I am looking for a "THIN" hard shelled single pistol case for storage of a full sized semi-auto pistol.

Is there anyone that makes one smaller/thinner than the Plano triangular shaped pistol cases. I think they are listed as 2 1/2" deep.

Thanks.


----------



## Steve M1911A1 (Feb 6, 2008)

Look in the MTM catalog.
I seem to remember a rectangular, black, compartmented, "presentation" case that's thinner than that.
Click on: Handgun cases and pocket pistol case by MTM Gun
Also try (different case): Handgun cases and pocket pistol case by MTM Gun


----------



## dondavis3 (Aug 2, 2009)

+1 Steve M1911A1

I own this case

" Also try (different case): Handgun cases and pocket pistol case by MTM Gun " 

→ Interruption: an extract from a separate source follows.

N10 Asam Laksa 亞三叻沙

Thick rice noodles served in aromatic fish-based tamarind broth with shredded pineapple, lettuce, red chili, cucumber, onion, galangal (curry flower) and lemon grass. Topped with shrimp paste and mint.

It is very thin - you can't get anything else in it - 1 gun - maybe 1 mag. :smt082

:smt1099


----------



## mactex (Jan 23, 2007)

I have the "different case" but no longer use it. The latches wore out quickly and it would not stay shut.


----------



## Steve M1911A1 (Feb 6, 2008)

Duck tape, then?


----------



## jtm54 (Jan 30, 2009)

A Pelican 1170 is a pretty slim case, I don't remember the demensions but its slim and heavy duty.


----------



## Packard (Aug 24, 2010)

Gander Mountain offers several thin cases; the gun "vault" cases (lockable) seem to be the thinest.

See: Gander Mountain


----------